A recent advancement in this field is the attempt of pharmaceutical sponsors and CROs to develop templates for protocol design or engage people with expertise to provide uniformity in procedural development. However, even with a template or standardized study design, investigational drugs may have different toxicities and pharmacokinetic properties so expert input is needed to customize these protocols for this special patient population.

Key issues

• Renal impaired pharmacokinetic studies are necessary to determine if a therapeutic compound will require dose adjustment in patients with renal dysfunction or are contraindicated for patients with certain stages of chronic kidney disease.

• Both the FDA and EMA have issued detailed guidelines for renal impaired pharmacokinetic studies, while many of the requirements are similar between the two agency instructions, GFR methodology and reporting differ.

• An updated position on the FDA draft guidelines redefines end-stage renal disease as <30 mL/min, and states this patient population is suitable for a ‘worst case scenario’ reduced study.

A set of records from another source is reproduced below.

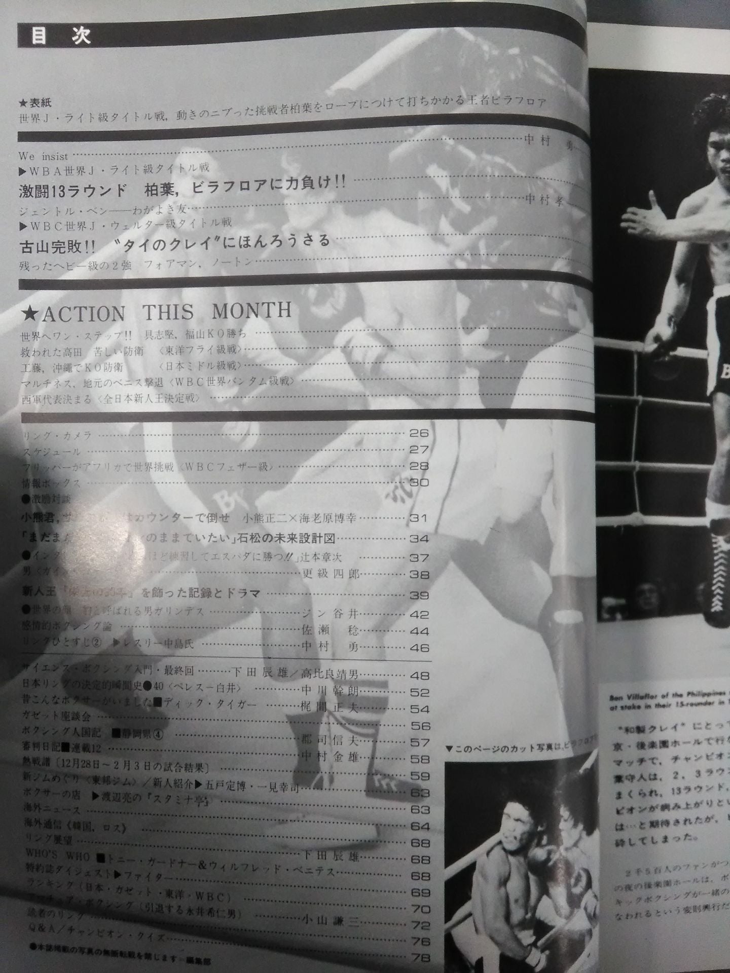 1976年 世界タイトル挑戦 柏葉、古山ともに完敗 表紙:世界J・ライト級タイトル戦、動きのニブッた挑戦者柏葉をロープにつけて打ちかかる王者ビラフロア
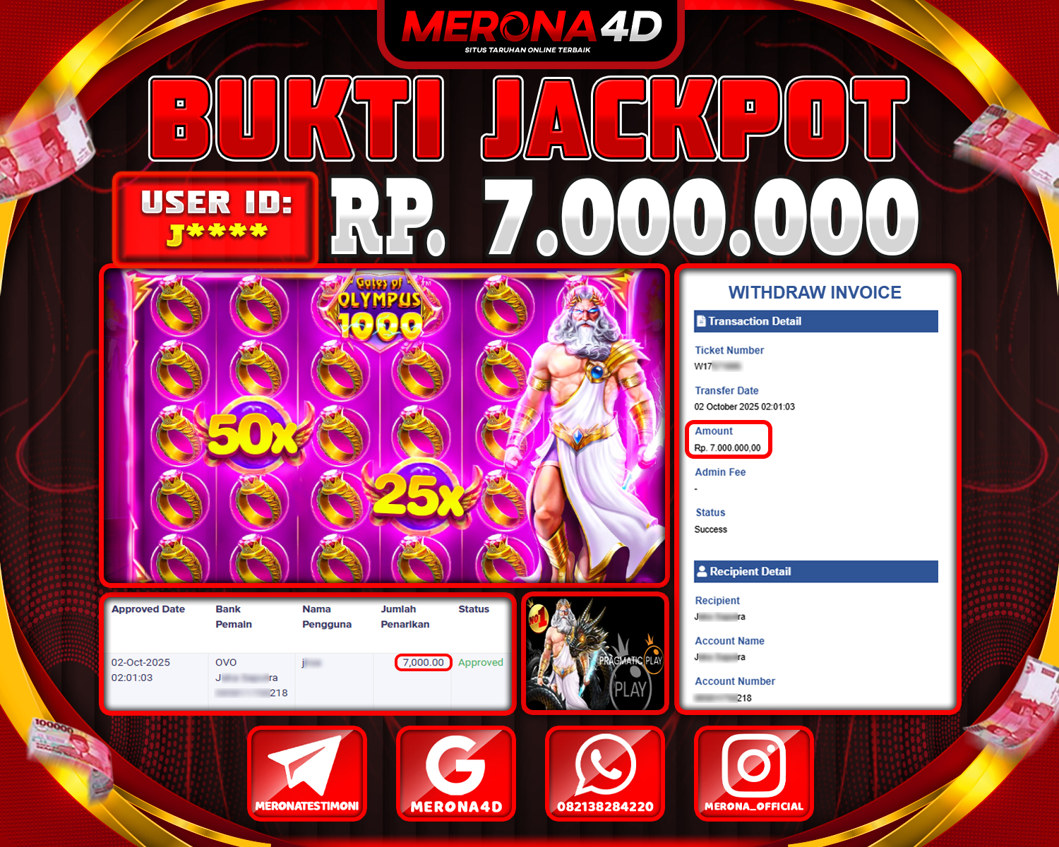 Selamat Kepada Member MERONA4D R*****01 Telah Jackpot Di GATES OF OLYMPUS 1000
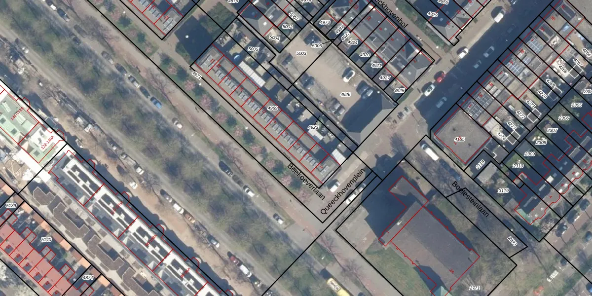 Beekoeverlaan 5 is gelegen op kadastraal perceel ZLN02B4969. Deze kadastrale aanduiding is uniek en wordt gebruikt door het Kadaster om eigendomsrechten en andere zakelijke rechten vast te leggen. Het perceel maakt onderdeel uit van de kadastrale gemeente Zuilen.
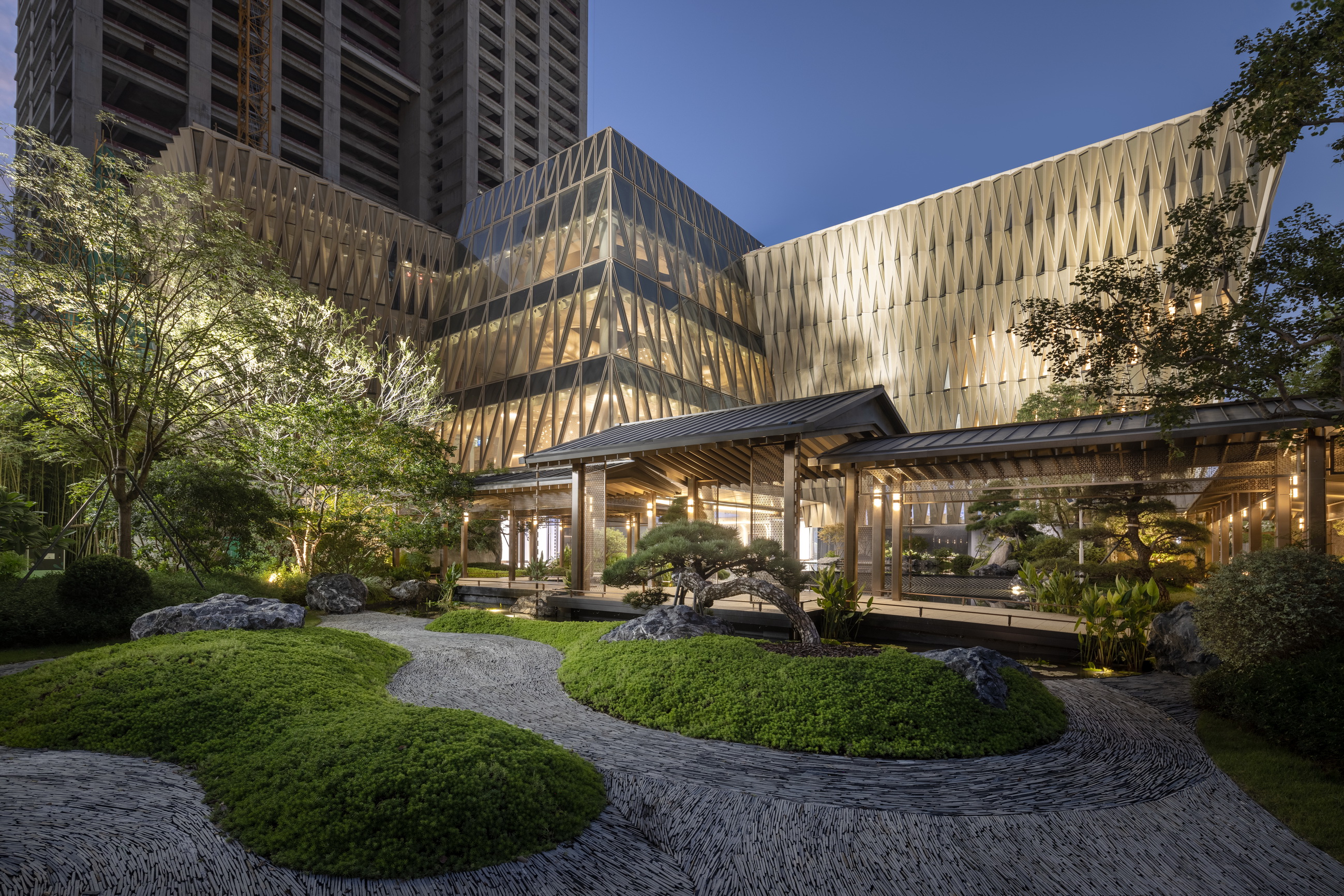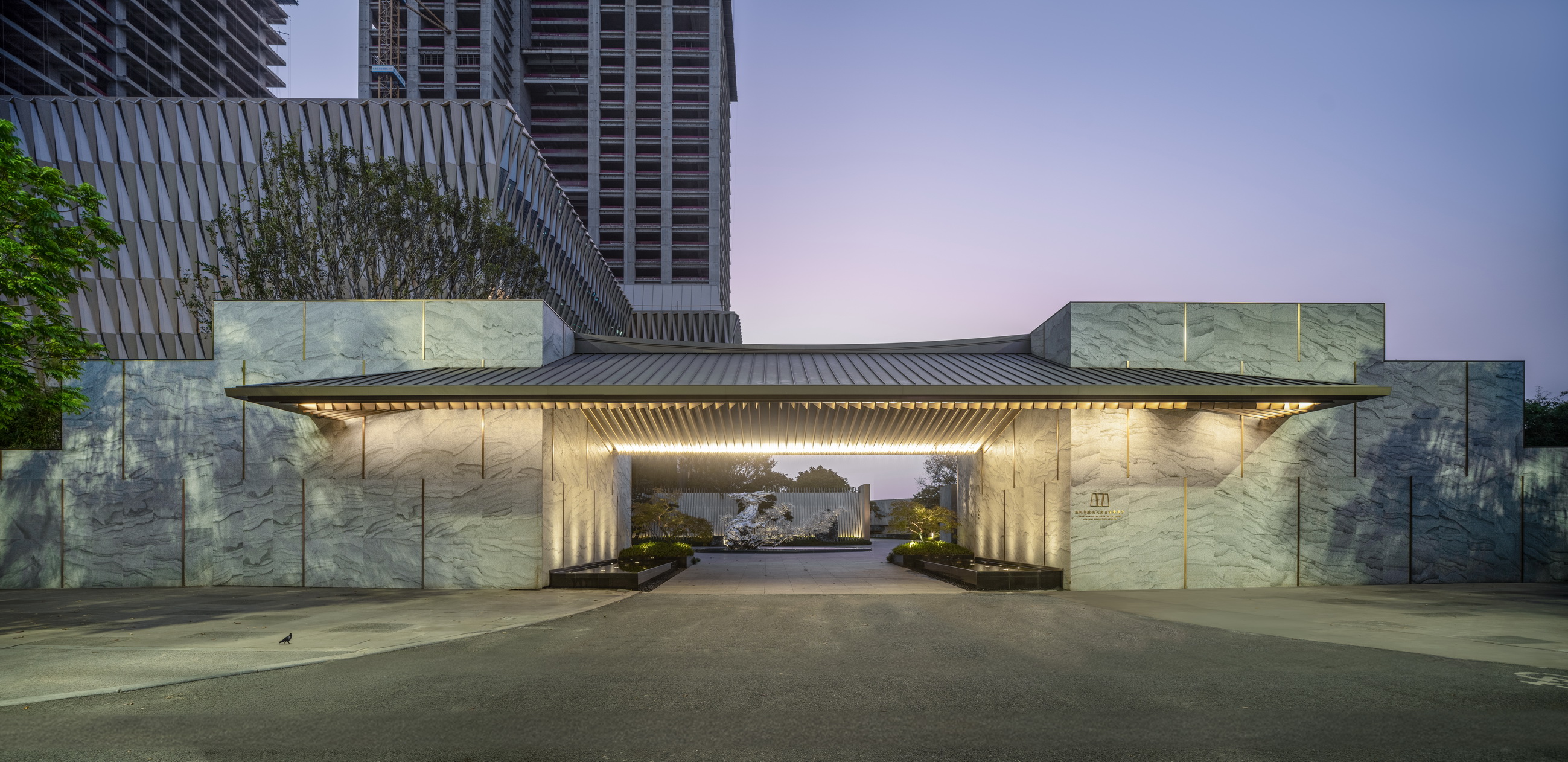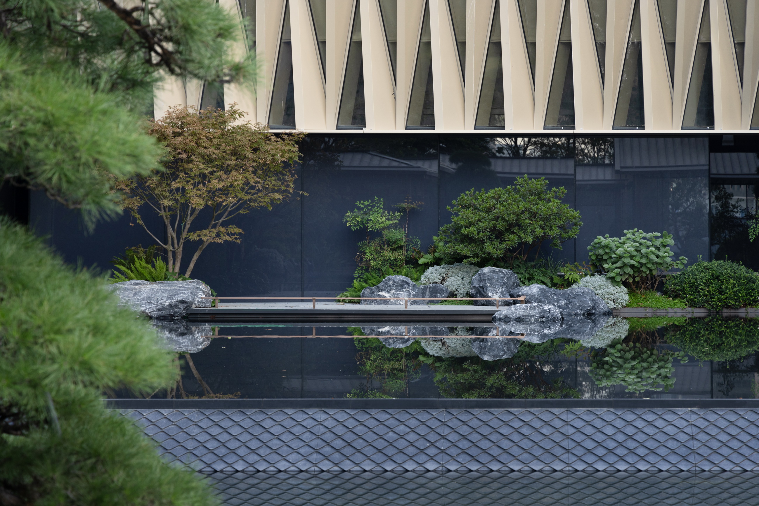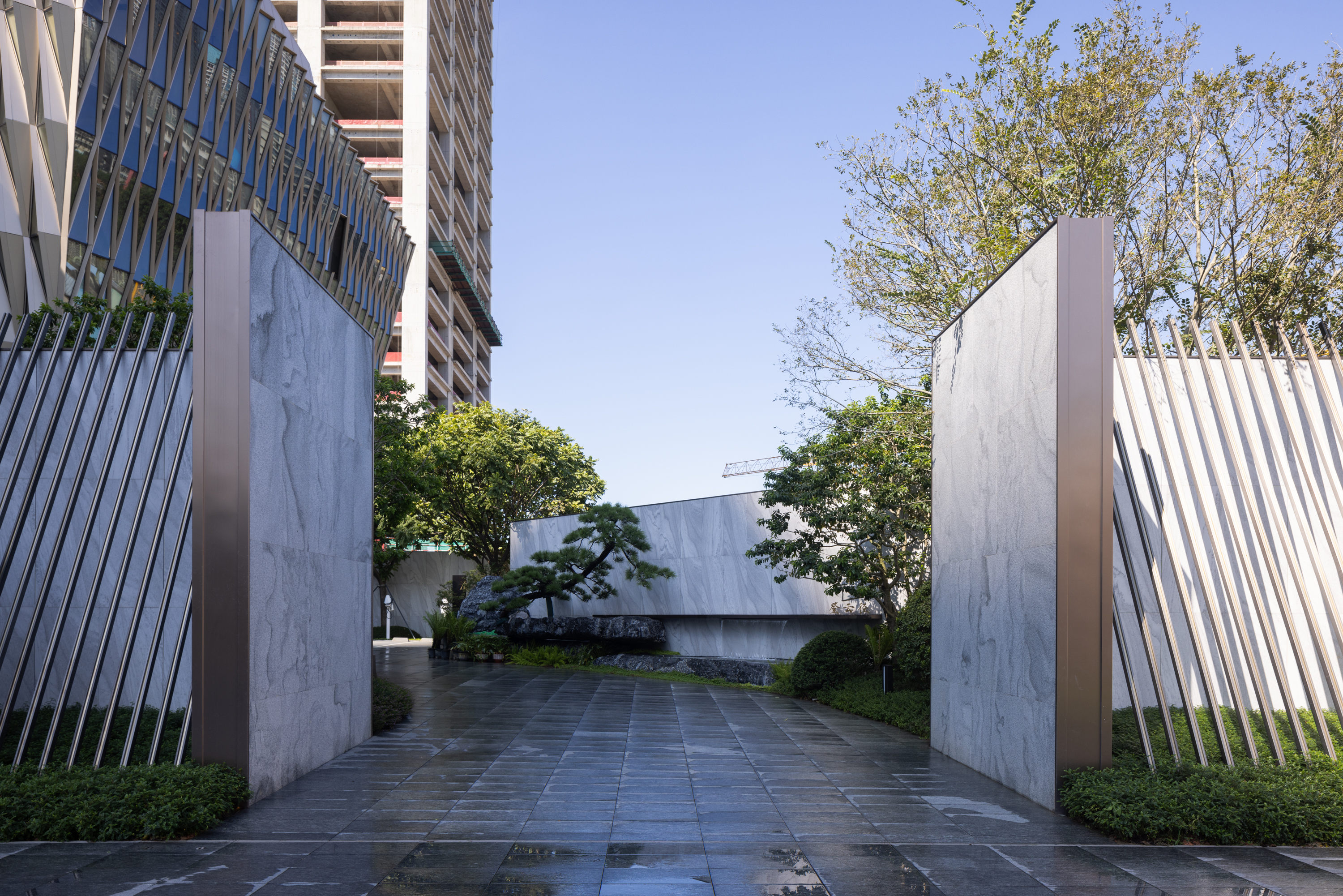 深铁粤港澳大湾区展厅位于深圳前海湾地铁枢纽,建筑为江南屋檐的现代幕墙演绎。景观也引用传统园林特点作为演绎,展现展厅外部场所。根据交通及游览动线点缀安排景点,去展场空间化,将文化展厅和公共交通做适当分隔,分别营造各自的功能场所,同时又以传统园林手法统一空间形象。院门形式的主入口,围堂格局的松石交通场所,入门见山的传统形式,解决人行车行交通。夹道回廊的展厅到达,酝酿进入展场游园体验。
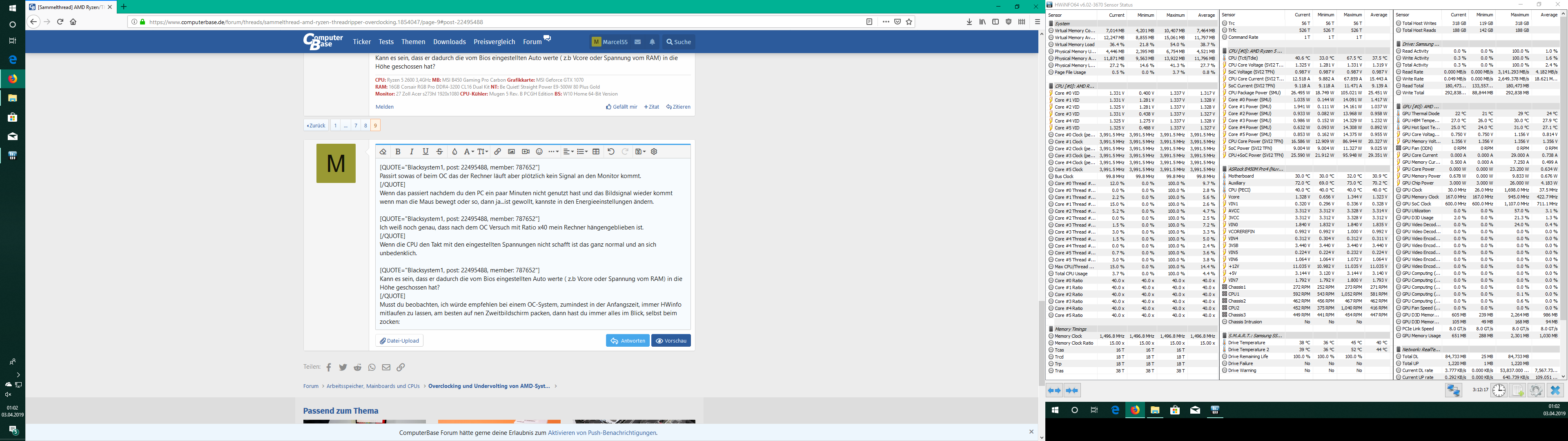 Musst du beobachten, ich würde empfehlen bei einem OC-System, zumindest in der Anfangszeit, immer HWinfo mitlaufen zu lassen, am besten auf nen Zweitbildschirm packen, dann hast du immer alles im Blick, selbst beim zocken, da reicht son alter Büro-Monitor vollkommen aus:Blacksystem1 schrieb:Kann es sein, dass er dadurch die vom Bios eingestellten Auto werte ( z.b Vcore oder Spannung vom RAM) in die Höhe geschossen hat?
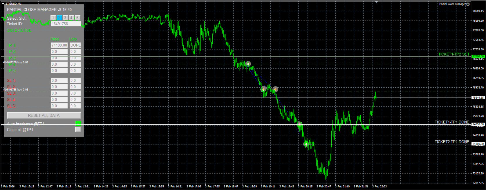 Visuelle Darstellung: Die vom Nutzer festgelegten TP- und SL-Levels werden auf dem Chart durch anpassbare horizontale Linien visualisiert. Die Linien sind entsprechend dem aktuellen Status des jeweiligen Levels markiert (SET/DONE).
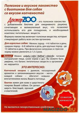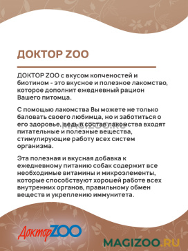 ДОКТОР ZOO с копченостями и биотином - это вкусное и полезное лакомство, которое дополнит ежедневный рацион Вашего питомца.
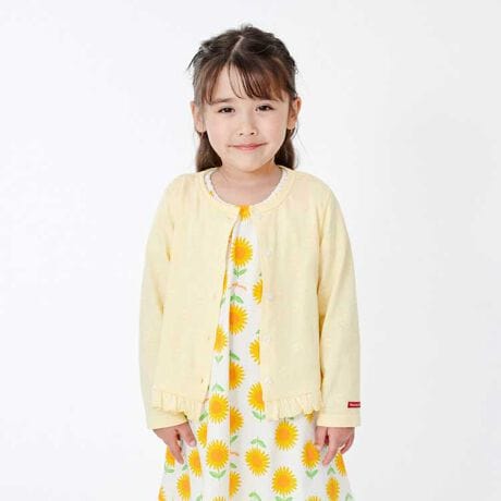 汗を吸い取り、すばやく乾燥する吸水速乾。吸湿&吸熱のW効果で涼感を与える接触冷感加工。更にUVカットで日焼け対策や冷房対策など、夏のお出かけにオススメ!花柄部分が少し立体になった花柄ジャガード素材のカーディガン。裾フリルが女の子らしい!シンプルでどんなアイテムとも合わせやすい!【アイテム】トップス シンプル ガーリー フェミニン カジュアル お洒落 オシャレ かわいい 可愛い 普段着 デイリーウェア お出かけ着 お外着 お外遊び着 子ども こども 女児 女の子 ガールズ キッズ ベビーサイズ トドラーサイズ 幼稚園 保育園 小学校 通園 通学 小学生 2026年春夏物新作 丸高衣料 ロングスリーブ 長袖 ホワイト 白色 クリーム イエロー 黄色 ムージョンジョン フラワー

• Under certain circumstances, population pharmacokinetic and PBPK modeling analysis may provide sufficient information to instruct renal impairment labeling

Declaration of interest

S Paglialunga, E Offman, N Ichhpurani, and BH Morimoto are employees of Celerion. TC Marbury is an employee and equity owner of Orlando Clinical Research Center. The authors have no other relevant affiliations or financial involvement with any organization or entity with a financial interest in or financial conflict with the subject matter or materials discussed in the manuscript apart from those disclosed.

Acknowledgments

We would like to thank all of the patients and families who have participated in these renal impaired pharmacokinetic studies as well as the pharmaceutical and biotech sponsors we have worked with.

Additional information

Funding

This research received no specific grant from any funding agency in the public, commercial, or not-for-profit sectors.